The lack of substantive progress in coordinating agency efforts not only has frustrated numerous private institutions but also has seen the allocation of agency resources and personnel become highly ineffective. Private institutions have learned it is easier to develop relations with as many agencies as possible and see how that plays out rather than counting on their contacts at various agencies to coordinate their efforts. Numerous anecdotes of private institutions reinforce that this wide-net approach continues to be favored as not all agencies are equally responsive or forward leaning on threat information.
The problem is less that providing intelligence support to the private sector is a conceptually complicated issue to untangle, and more that the issue has never drawn sustained senior attention. By forcing the disparate elements of the national security community to create detailed roles and responsibilities, particularly regarding the provision of cyber-related intelligence, the Biden administration can quickly improve the country’s defenses, while reducing unnecessary duplication of effort.
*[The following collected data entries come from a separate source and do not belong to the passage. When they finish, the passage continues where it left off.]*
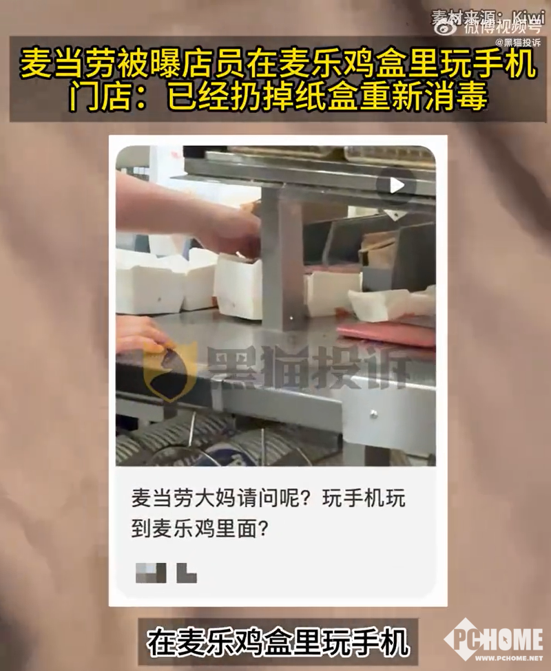 从网友发布的视频中可以看到,涉事店员未按规范佩戴一次性手套,在工作区域内直接将手机放置在麦乐鸡专用包装盒中,操作手机期间手部多次直接接触盒体内部,操作完毕后,店员未对包装盒做任何处理,直接将手机继续留在盒内。视频一经发布引发网友对门店食品安全管理的广泛质疑,认为该行为是否反映出门店日常管理存在明显漏洞。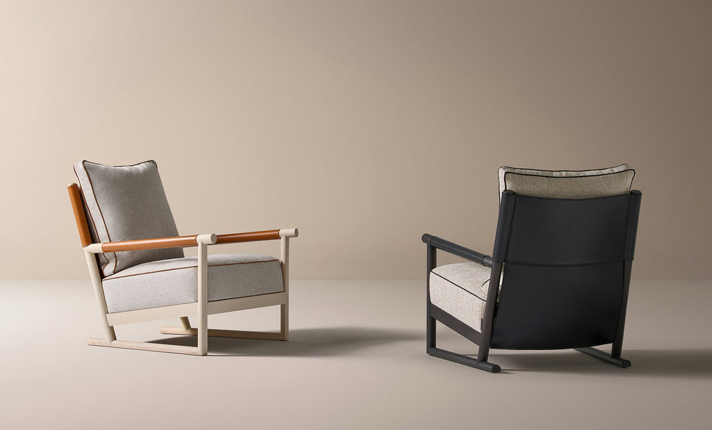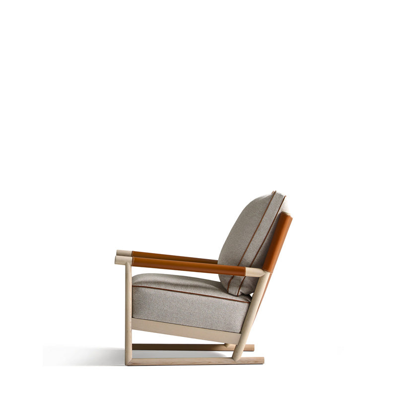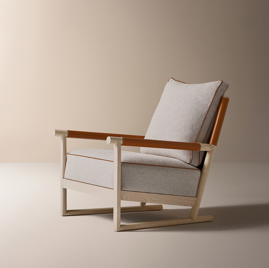 The Ischia armchair is a masterful blend of refined contrasts: sturdy yet lightweight, architectural yet inviting, essential yet rich in detail. Its solid ash wood frame forms an intricate play of angles and precise joints, elegantly framing the upholstered seat and leather backrest.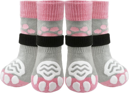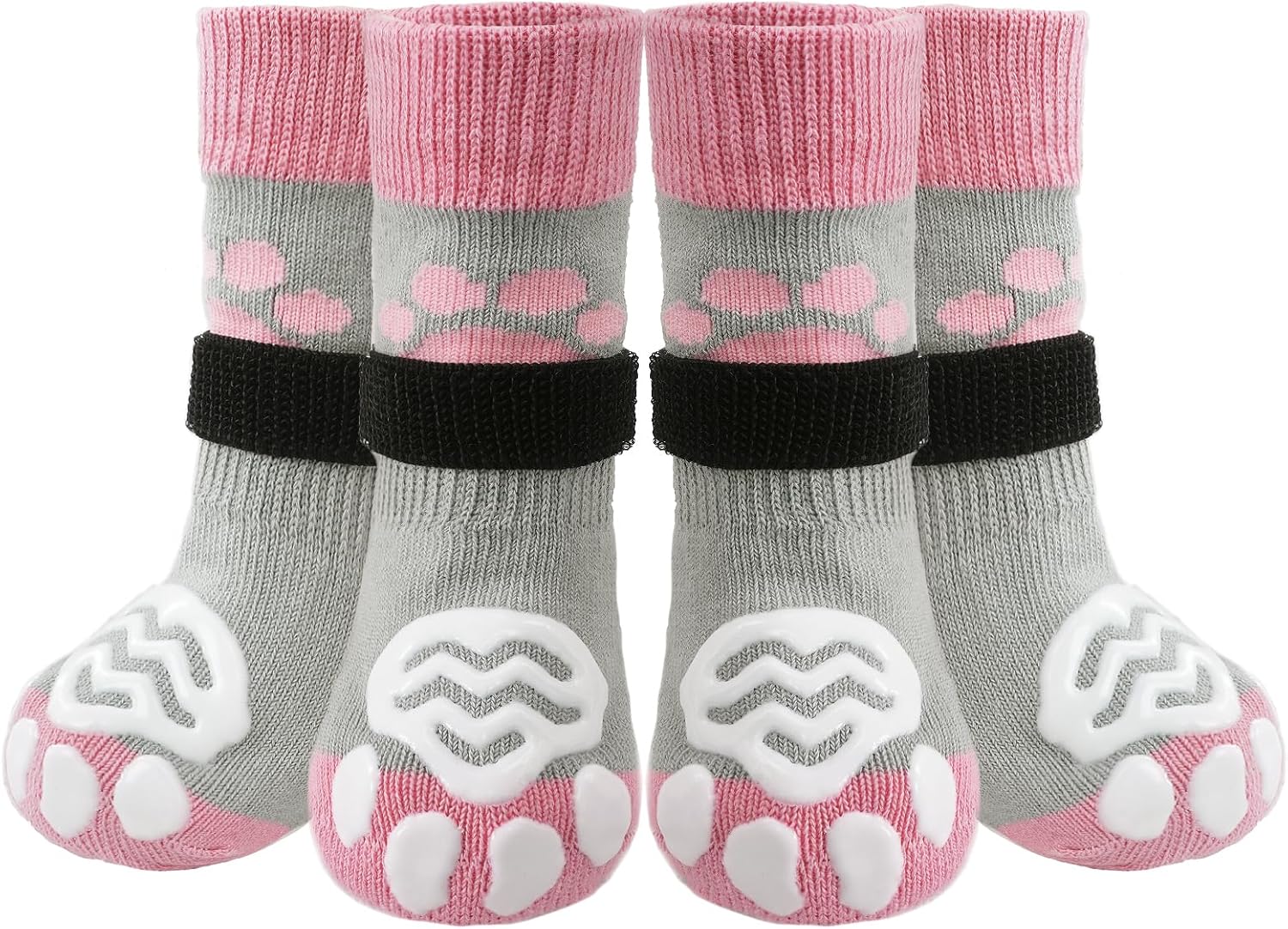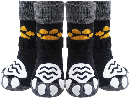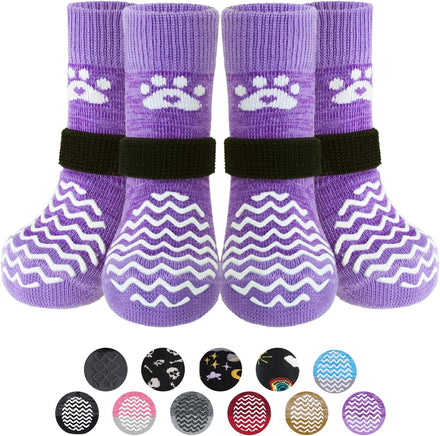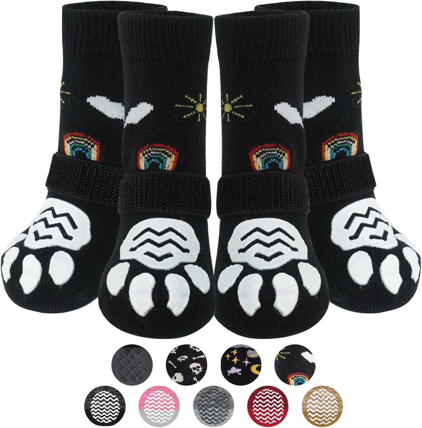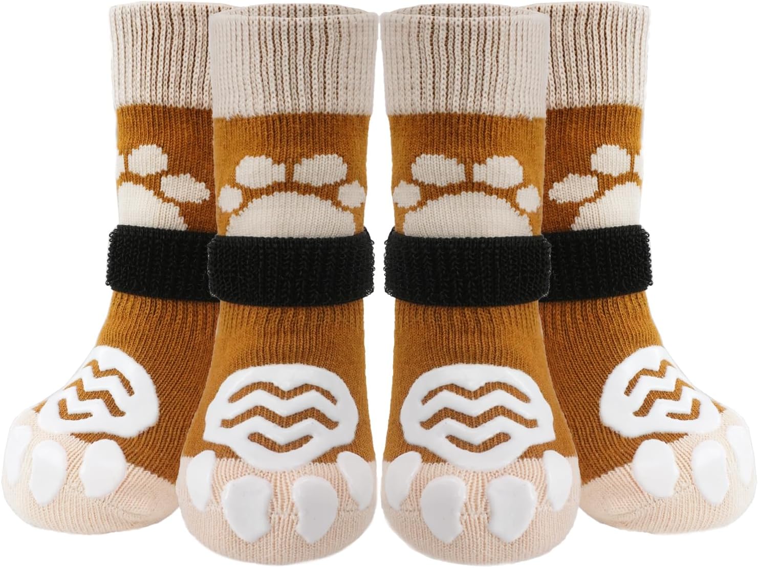 PUPTECK Anti Slip Dog Socks 2 Pairs with Double Grippers for Hardwood Floors, Shoes for Hot/Cold Pavement, Boots & Paws Protectors to Prevent Licking, Traction Booties for Senior Small Large Dogs

While no single agency can own the entire problem set, the clear delineation of responsibilities as well as a binding strategy for private-sector engagement would be a tremendous step forward from the situation today.
Conclusion
Over the past 15 years and three presidential administrations, the United States has taken major steps to catch up with an evolving security environment, of which cyber threats weigh heavily. Indeed, the United States is still the most capable cyber power in the world. Yet while the nation has leapt forward in its cyberspace capabilities, the U.S. government has missed the refinement of some fundamentals and lost the perspective that cyber is largely a human problem. By recognizing that many of the nation’s cyber challenges have solutions that are human centric, President Biden can address aspects of the cyber conundrum that have not been examined holistically before, including how to effectively deter China and Russia in cyberspace. Apart from those assumptions identified above, the new administration would be well served in examining its own assumptions on cyber matters, to ensure that no aspect of cyber policy is treated as resolved.
Views expressed or implied in this commentary are solely those of the authors and do not necessarily represent the views of the U.S. Military Academy, U.S. Army, the U.S. Navy, the U.S. Department of Defense, the U.S. Department of Homeland Security, or any other government agency.